YOUR OBJECTIVE:
In the records below, find the line containing "detachable choker. |" and print it and every line after it exactly, through the end. Skip pictures.

Source data

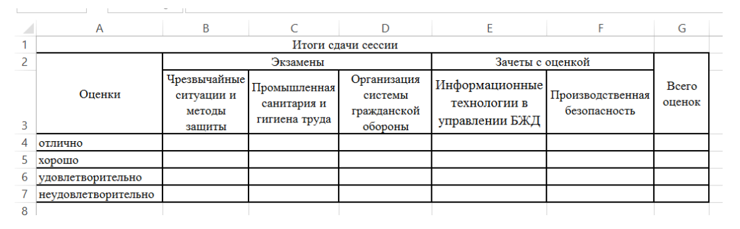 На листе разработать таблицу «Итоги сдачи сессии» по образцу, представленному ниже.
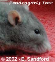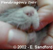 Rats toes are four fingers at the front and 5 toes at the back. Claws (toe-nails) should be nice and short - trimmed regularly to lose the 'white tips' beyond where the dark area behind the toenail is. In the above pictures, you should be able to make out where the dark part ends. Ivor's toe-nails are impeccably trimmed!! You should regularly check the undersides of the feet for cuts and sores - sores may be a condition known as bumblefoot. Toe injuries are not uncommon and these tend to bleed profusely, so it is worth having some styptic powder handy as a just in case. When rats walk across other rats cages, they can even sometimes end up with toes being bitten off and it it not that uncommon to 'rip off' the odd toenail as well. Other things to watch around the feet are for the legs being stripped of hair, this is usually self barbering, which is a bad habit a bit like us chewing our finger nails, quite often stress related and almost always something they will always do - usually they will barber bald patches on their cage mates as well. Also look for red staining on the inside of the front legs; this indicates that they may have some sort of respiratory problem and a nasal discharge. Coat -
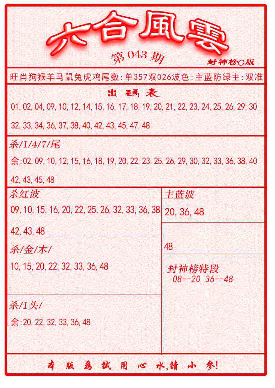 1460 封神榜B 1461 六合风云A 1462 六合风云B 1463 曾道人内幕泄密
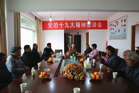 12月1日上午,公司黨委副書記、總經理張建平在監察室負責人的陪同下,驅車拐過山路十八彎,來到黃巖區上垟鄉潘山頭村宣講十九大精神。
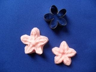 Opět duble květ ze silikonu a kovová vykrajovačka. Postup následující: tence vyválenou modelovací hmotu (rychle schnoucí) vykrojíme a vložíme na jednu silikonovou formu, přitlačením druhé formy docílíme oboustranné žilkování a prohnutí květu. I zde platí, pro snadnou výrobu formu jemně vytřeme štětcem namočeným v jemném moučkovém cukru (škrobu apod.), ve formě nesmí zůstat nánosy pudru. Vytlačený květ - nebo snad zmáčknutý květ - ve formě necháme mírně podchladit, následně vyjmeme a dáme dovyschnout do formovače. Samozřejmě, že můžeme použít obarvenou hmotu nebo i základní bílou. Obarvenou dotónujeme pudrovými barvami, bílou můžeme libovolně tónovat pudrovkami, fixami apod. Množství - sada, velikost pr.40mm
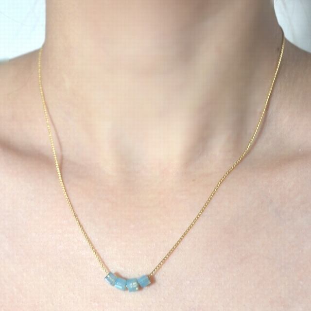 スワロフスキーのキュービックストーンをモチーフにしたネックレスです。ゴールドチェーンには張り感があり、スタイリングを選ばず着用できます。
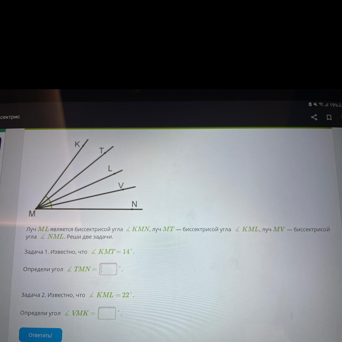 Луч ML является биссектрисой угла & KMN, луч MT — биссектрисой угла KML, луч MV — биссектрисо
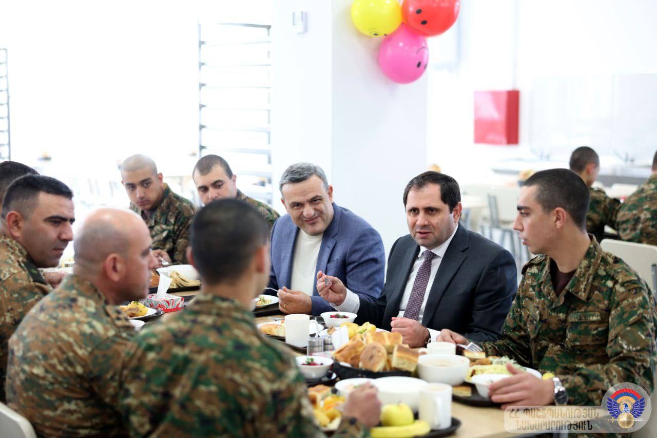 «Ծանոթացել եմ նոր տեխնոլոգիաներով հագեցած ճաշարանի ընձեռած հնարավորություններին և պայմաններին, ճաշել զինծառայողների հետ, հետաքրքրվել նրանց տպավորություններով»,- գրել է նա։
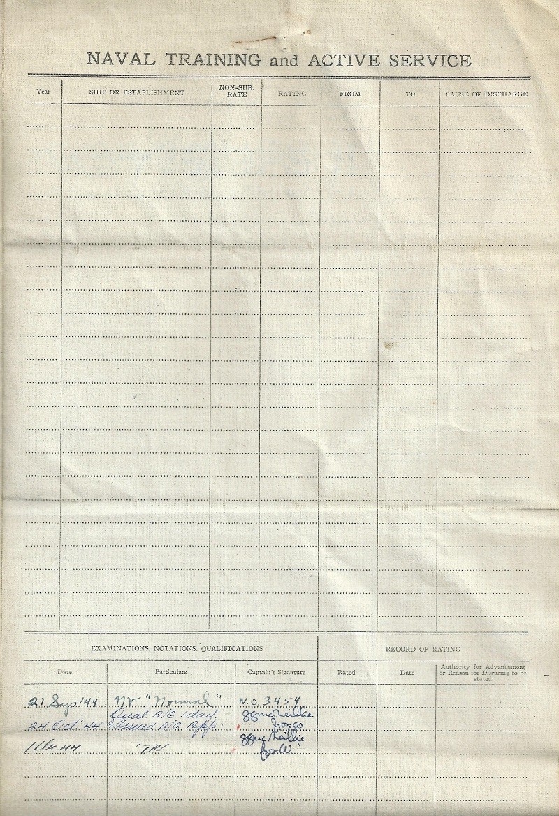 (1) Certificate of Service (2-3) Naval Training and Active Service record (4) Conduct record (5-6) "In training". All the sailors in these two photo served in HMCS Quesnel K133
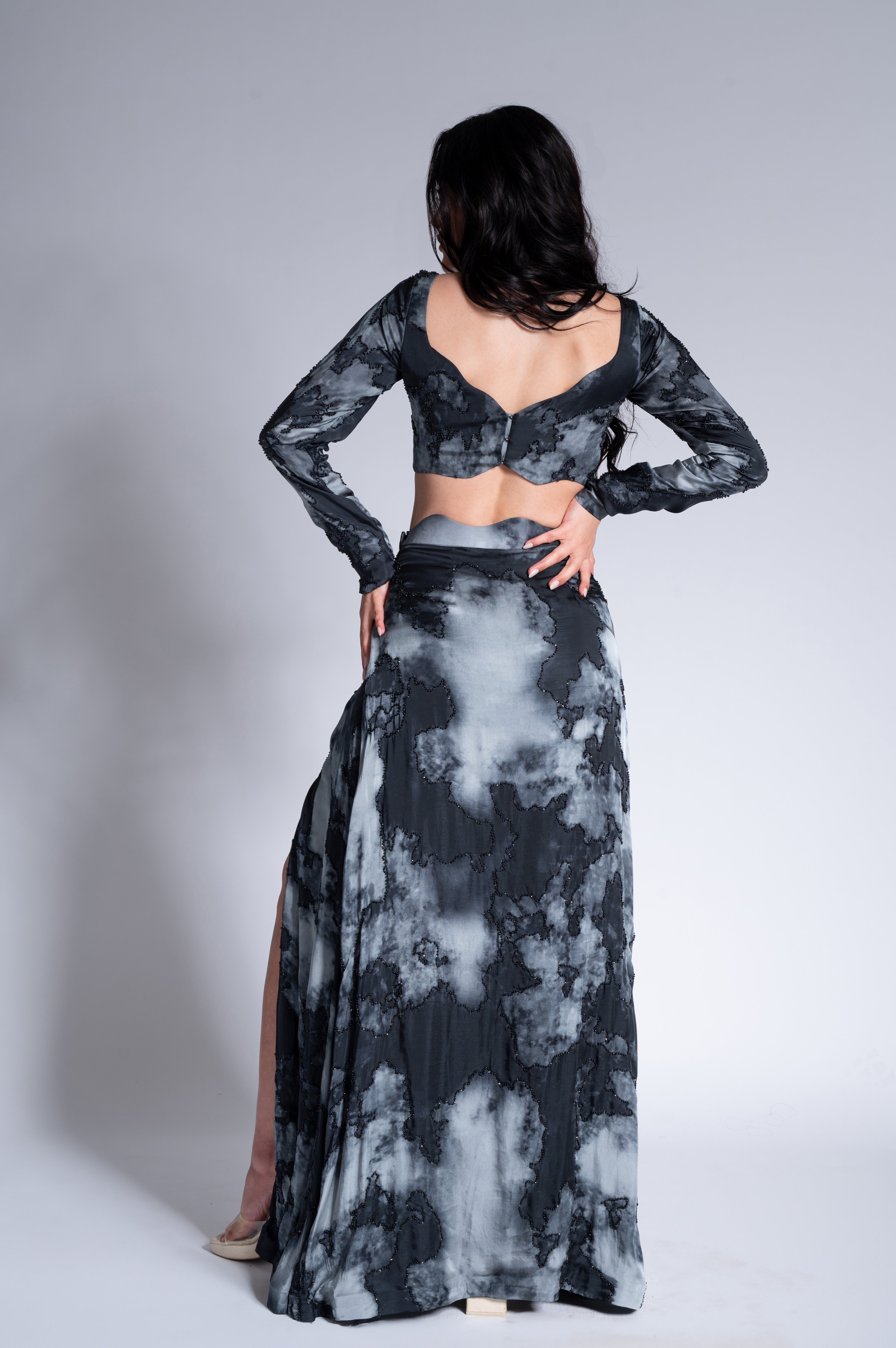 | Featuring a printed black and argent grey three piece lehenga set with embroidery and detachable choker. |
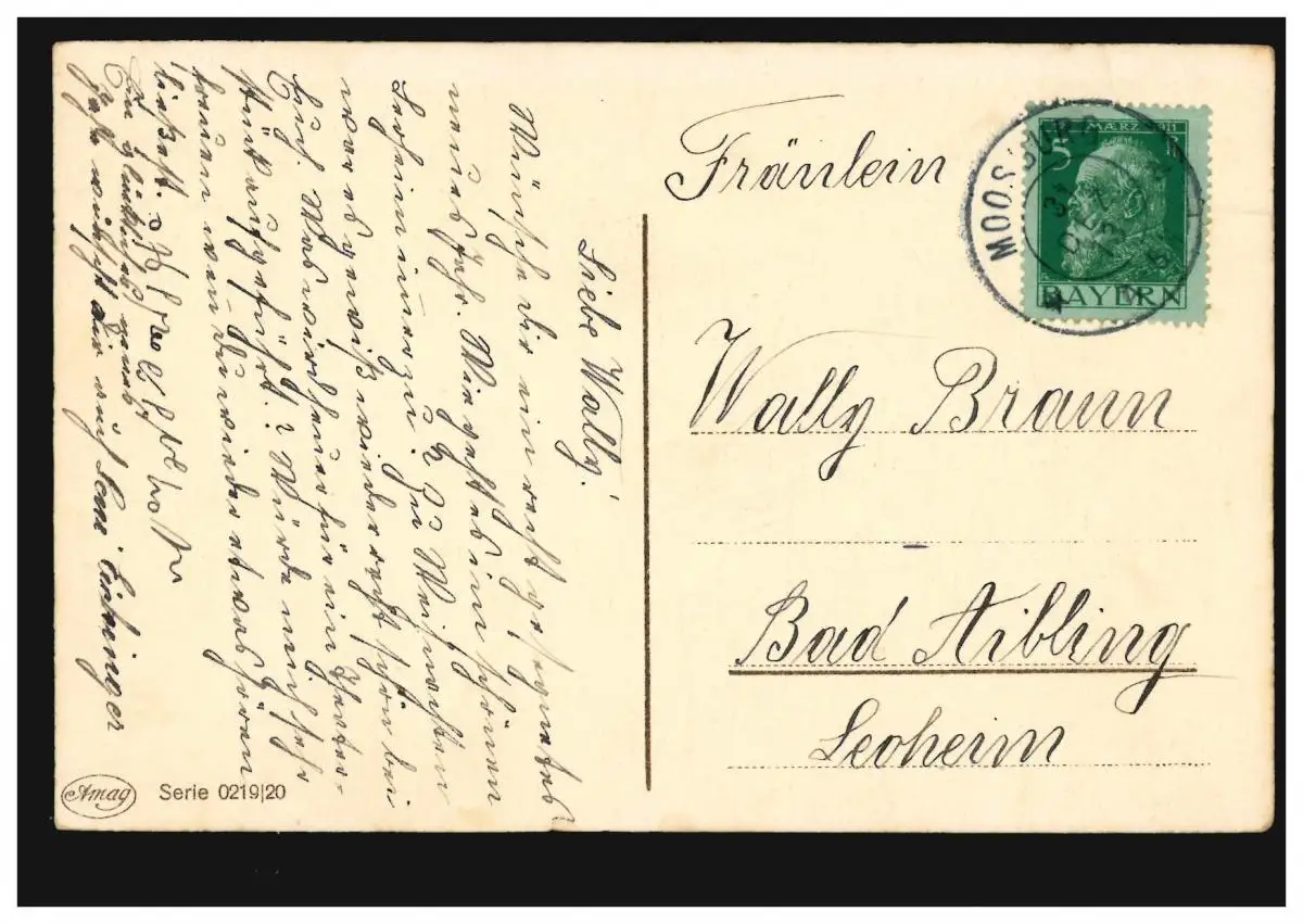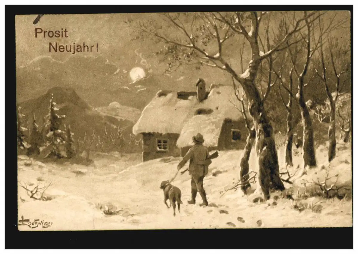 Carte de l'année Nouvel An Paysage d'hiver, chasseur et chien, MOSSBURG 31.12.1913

EXPECTED ANSWER:
 | Featuring a printed black and argent grey three piece lehenga set with embroidery and detachable choker. |
 Carte de l'année Nouvel An Paysage d'hiver, chasseur et chien, MOSSBURG 31.12.1913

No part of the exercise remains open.